(Beginning of SOURCE MATERIAL)

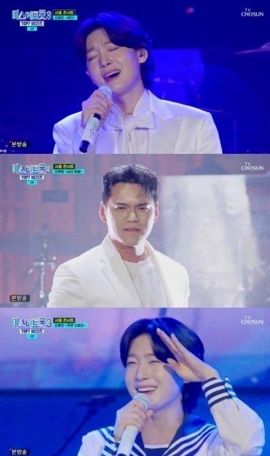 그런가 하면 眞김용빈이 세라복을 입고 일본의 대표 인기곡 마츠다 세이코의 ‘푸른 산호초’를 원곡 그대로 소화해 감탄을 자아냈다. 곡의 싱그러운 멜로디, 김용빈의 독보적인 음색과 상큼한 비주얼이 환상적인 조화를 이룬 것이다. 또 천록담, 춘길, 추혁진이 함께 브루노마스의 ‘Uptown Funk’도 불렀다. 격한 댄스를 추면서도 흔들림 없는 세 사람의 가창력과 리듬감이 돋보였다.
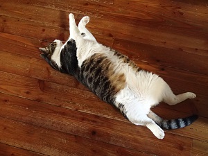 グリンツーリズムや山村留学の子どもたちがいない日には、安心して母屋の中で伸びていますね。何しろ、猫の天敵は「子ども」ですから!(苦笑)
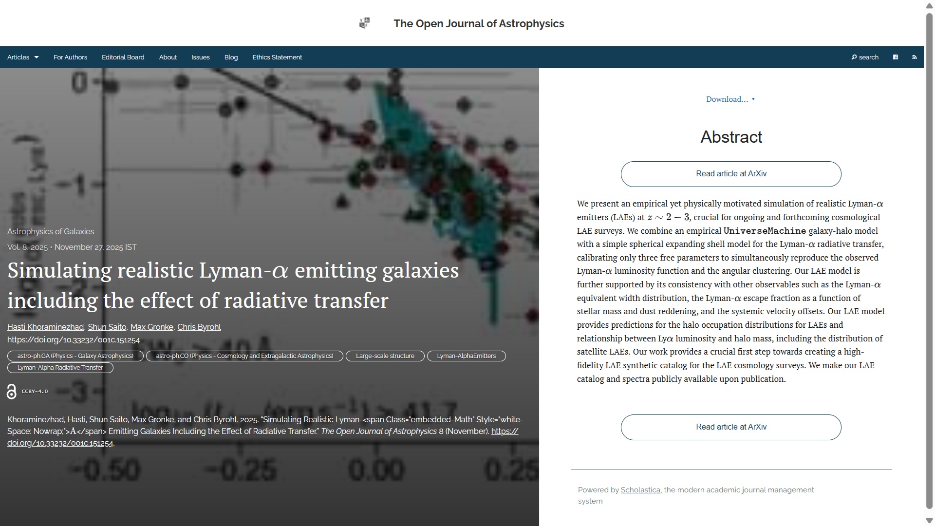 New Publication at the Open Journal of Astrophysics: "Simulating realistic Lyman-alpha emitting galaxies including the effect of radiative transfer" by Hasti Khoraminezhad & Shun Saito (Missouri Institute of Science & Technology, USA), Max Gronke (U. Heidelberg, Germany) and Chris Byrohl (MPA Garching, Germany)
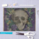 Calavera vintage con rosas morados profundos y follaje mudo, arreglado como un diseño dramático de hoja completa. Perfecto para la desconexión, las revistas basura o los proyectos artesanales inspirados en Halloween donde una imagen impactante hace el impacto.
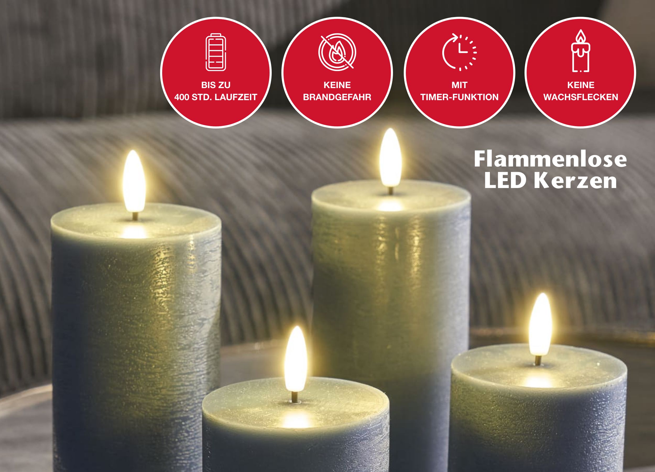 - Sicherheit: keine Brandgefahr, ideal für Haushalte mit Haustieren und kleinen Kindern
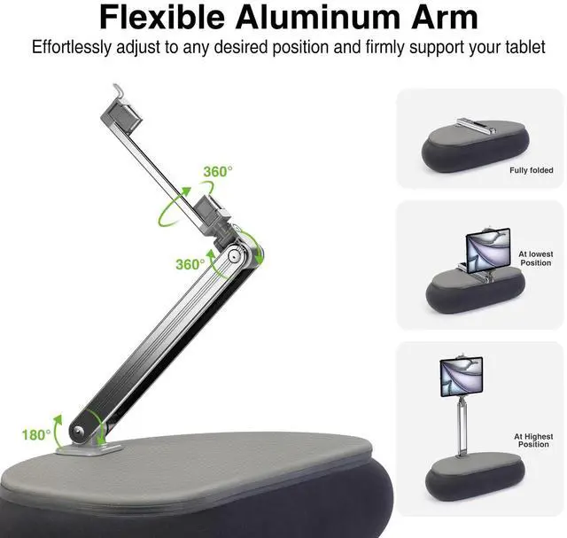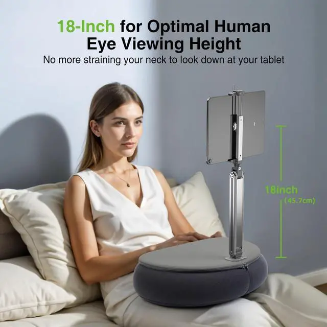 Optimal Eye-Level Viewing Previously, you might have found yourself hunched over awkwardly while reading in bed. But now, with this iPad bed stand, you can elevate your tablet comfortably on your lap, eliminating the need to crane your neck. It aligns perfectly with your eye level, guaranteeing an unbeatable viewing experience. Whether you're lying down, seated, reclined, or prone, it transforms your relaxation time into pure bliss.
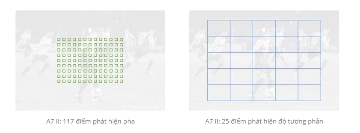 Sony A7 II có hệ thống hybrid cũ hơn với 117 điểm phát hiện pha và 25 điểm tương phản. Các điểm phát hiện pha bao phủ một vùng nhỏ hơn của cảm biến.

(End of SOURCE MATERIAL)
(Beginning of SOURCE MATERIAL)

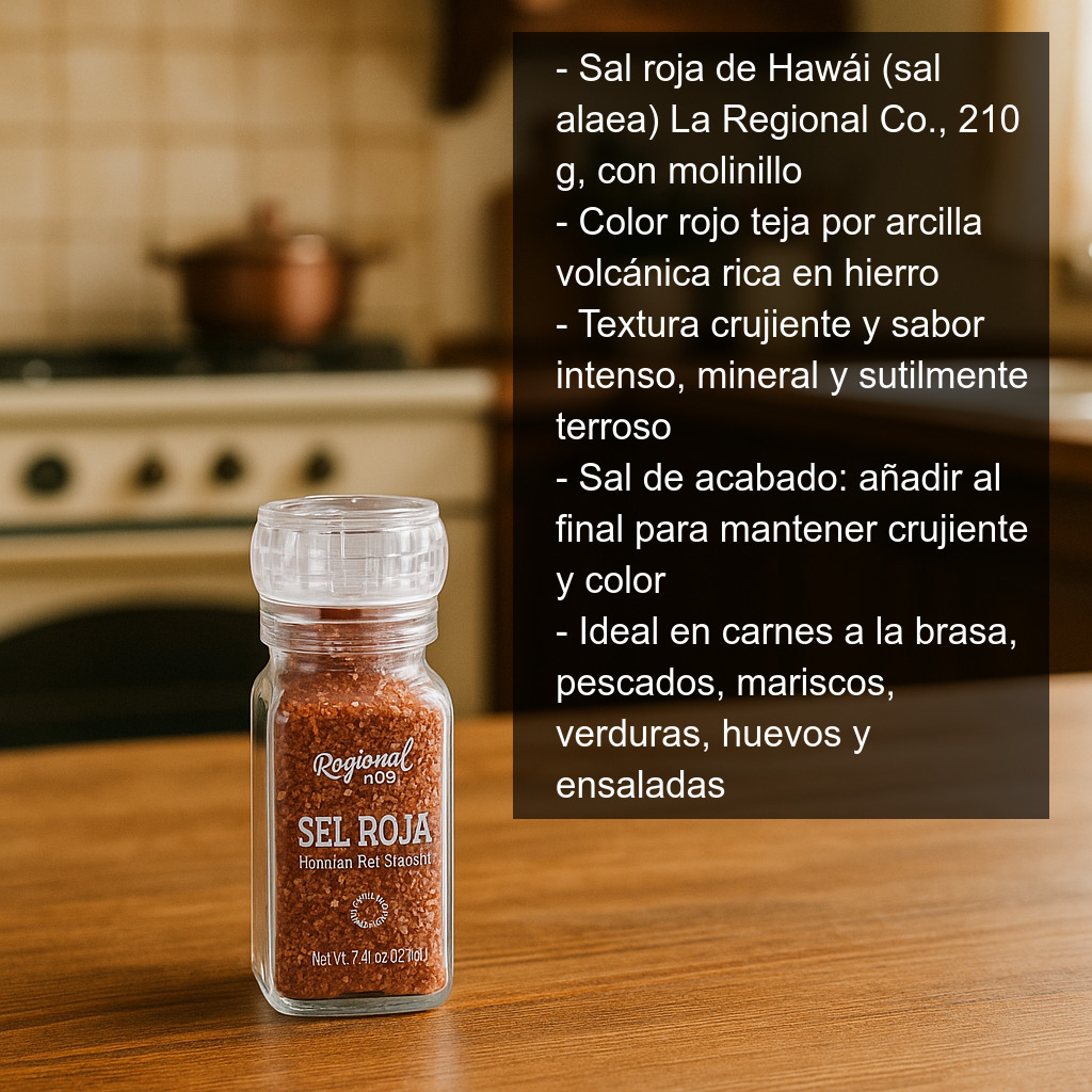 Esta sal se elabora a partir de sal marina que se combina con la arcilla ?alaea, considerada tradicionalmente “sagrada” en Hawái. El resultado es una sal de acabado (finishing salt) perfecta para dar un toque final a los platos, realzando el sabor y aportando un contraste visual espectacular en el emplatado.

(End of SOURCE MATERIAL)

# WHAT IS NEEDED
Lines from the one above containing "그런가 하면 眞김용빈이" down to the one containing "- Sicherheit: keine" should be transcribed exactly, with both ends kept and no pictures.

# OUTPUT FOR THIS EXERCISE
 그런가 하면 眞김용빈이 세라복을 입고 일본의 대표 인기곡 마츠다 세이코의 ‘푸른 산호초’를 원곡 그대로 소화해 감탄을 자아냈다. 곡의 싱그러운 멜로디, 김용빈의 독보적인 음색과 상큼한 비주얼이 환상적인 조화를 이룬 것이다. 또 천록담, 춘길, 추혁진이 함께 브루노마스의 ‘Uptown Funk’도 불렀다. 격한 댄스를 추면서도 흔들림 없는 세 사람의 가창력과 리듬감이 돋보였다.
 グリンツーリズムや山村留学の子どもたちがいない日には、安心して母屋の中で伸びていますね。何しろ、猫の天敵は「子ども」ですから!(苦笑)
 New Publication at the Open Journal of Astrophysics: "Simulating realistic Lyman-alpha emitting galaxies including the effect of radiative transfer" by Hasti Khoraminezhad & Shun Saito (Missouri Institute of Science & Technology, USA), Max Gronke (U. Heidelberg, Germany) and Chris Byrohl (MPA Garching, Germany)
 Calavera vintage con rosas morados profundos y follaje mudo, arreglado como un diseño dramático de hoja completa. Perfecto para la desconexión, las revistas basura o los proyectos artesanales inspirados en Halloween donde una imagen impactante hace el impacto.
 - Sicherheit: keine Brandgefahr, ideal für Haushalte mit Haustieren und kleinen Kindern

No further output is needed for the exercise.